Values other than identity are supported only with the multi-byte version of
nsgmls.

tracking
This specifies whether line boundaries should be tracked for this object: a value
of track specifies that they should; a value of notrack specifies that they should
not. The default value is track. Keeping track of where line boundaries occur in
a storage object requires approximately one byte of storage per line and it may be
desirable to disable this for very large storage objects.

The attribute name and = can be omitted for this attribute.

base When the storage object identifier specified in the content of the storage object
specification is relative, this specifies the base storage object identifier
relative to which that storage object identifier should be resolved.
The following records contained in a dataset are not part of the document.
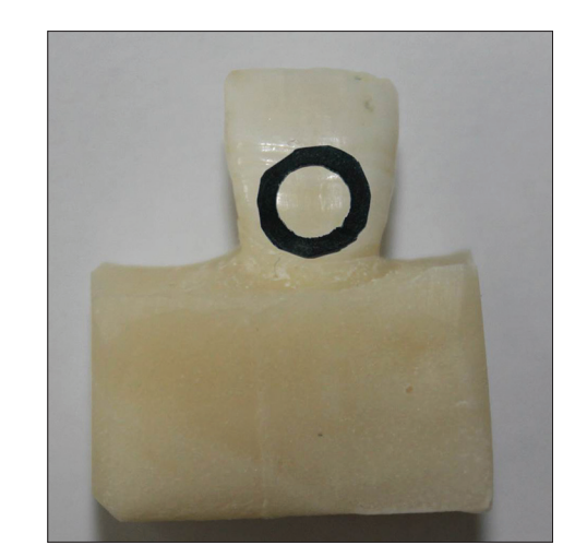
Figure 1: A tooth embedded in a resin block with a standardized circular strip on the buccal surface of the crown

Coronal discoloration was observed in each group over time; however, color shade did not significantly
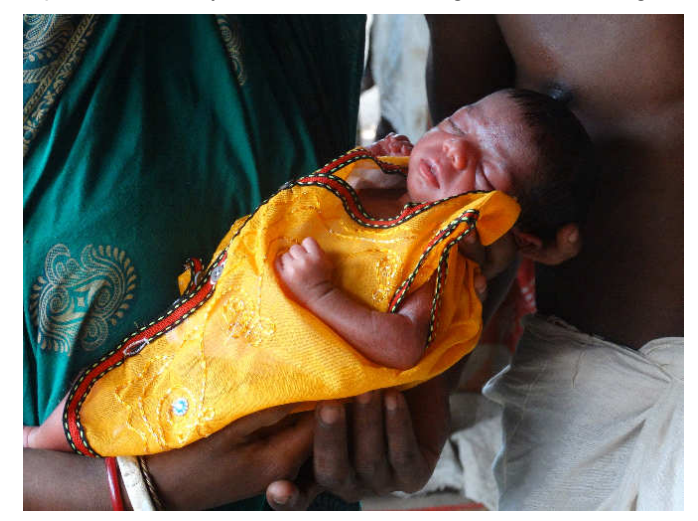
and that we would have to improve her nutrition quickly. I prayed this little one would live for she was so small.

I saw how weak and listless the baby was, and asked what they had been feeding her. They said, "cow's milk." I suspected that they had not been feeding her often enough,
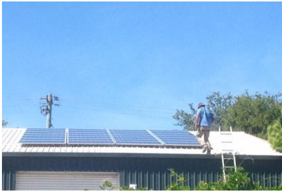
Tulgeen installation almost completed

Tulgeen are repaying the interest-free loan at a rate of $1,000/quarter. The first two repayments helped pay for the second Quick Win project, and the third is helping with the current project.
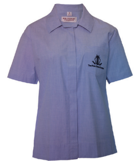
Blouse Short Sleeve
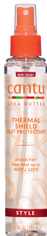
THERMAL SHIELD HEAT PROTECTANT 151ml 07558-12/3NEUS
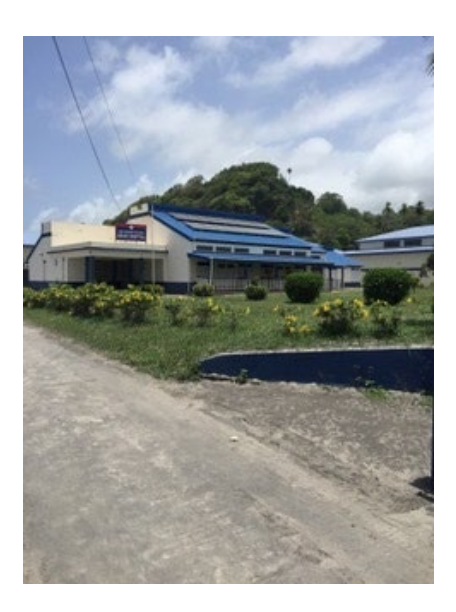
Overland Health Centre
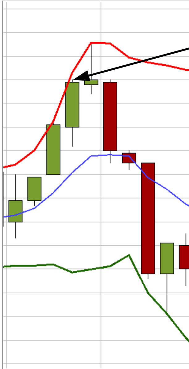
Higher Time Frame

Changing the time frame after the close of this candle.
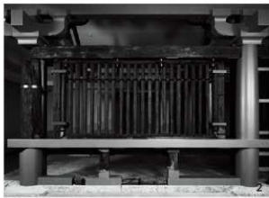
2: 東回廊の復元展示 The reconstruction of the eastern corridor with the excavated wood

Construction of this large temple was begun in 641 (the 13th year of Emperor Jomei's reign) by Soga-no-Kurayamada Ishikawamaro, a cousin of Soga-no-Iruka. It was one of the clan temples the construction of which was then in vogue among the various wealthy families of the time. Although Ishikawamaro participated in the Isshi Incident (which involved the murder of his cousin Iruka) and was subsequently appointed Minister of the Right, In 649 he came under suspicion for allegedly plotting rebellion. The same year he committed suicide in the still unfinished clan temple. He was posthumously absolved of the earlier suspicions, and the building of the Yamadadera was continued with help from the imperial house and completed in the latter half of the 7th century. The Yamadadera had a ground plan with gate, pagoda, golden hall and lecture hall arranged in a line from south to north, respectively. In 1982 collapsed structure of eastern corridor, which had been sealed under clay layer, was excavated.
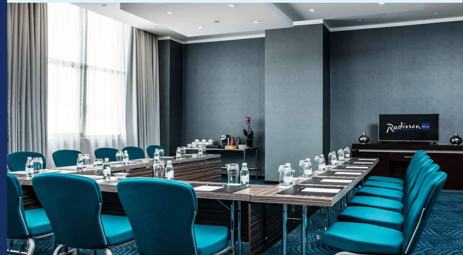
Radisson Blu Hotel Nairobi, Upper Hill-Training Room

When not
specified a storage object identifier is interpreted relative to the storage object
in which it is specified, provided that this has the same storage manager. This
applies both to system identifiers specified in SGML documents and to system
identifiers specified in the catalog entry files.

smcrd The value is a single character that will be recognized in storage object
identifiers (both in the content of storage object specifications and in the value
of base attributes) as a storage manager character reference delimiter when
followed by a digit. A storage manager character reference is like an SGML numeric
character reference except that the number is interpreted as a character number in
the inherent character set of the storage manager rather than the document
character set. The default is for no character to be recognized as a storage
manager character reference delimiter. Numeric character references cannot be used
to prevent recognition of storage manager character reference delimiters.

fold This applies only to the neutral storage manager. It specifies whether the storage
object identifier should be folded to the customary case of the underlying storage
manager if storage object identifiers for the underlying storage manager are case
sensitive. The following values are allowed:

fold The storage object identifier will be folded.

nofold The storage object identifier will not be folded.

The default value is fold. The attribute name and = can be omitted for this
attribute.

For example, on Unix filenames are case-sensitive and the customary case is lower-
case. So if the underlying storage manager were osfile and the system was a Unix
system, then <neutral>FOO.SGM would be equivalent to <osfile>foo.sgm.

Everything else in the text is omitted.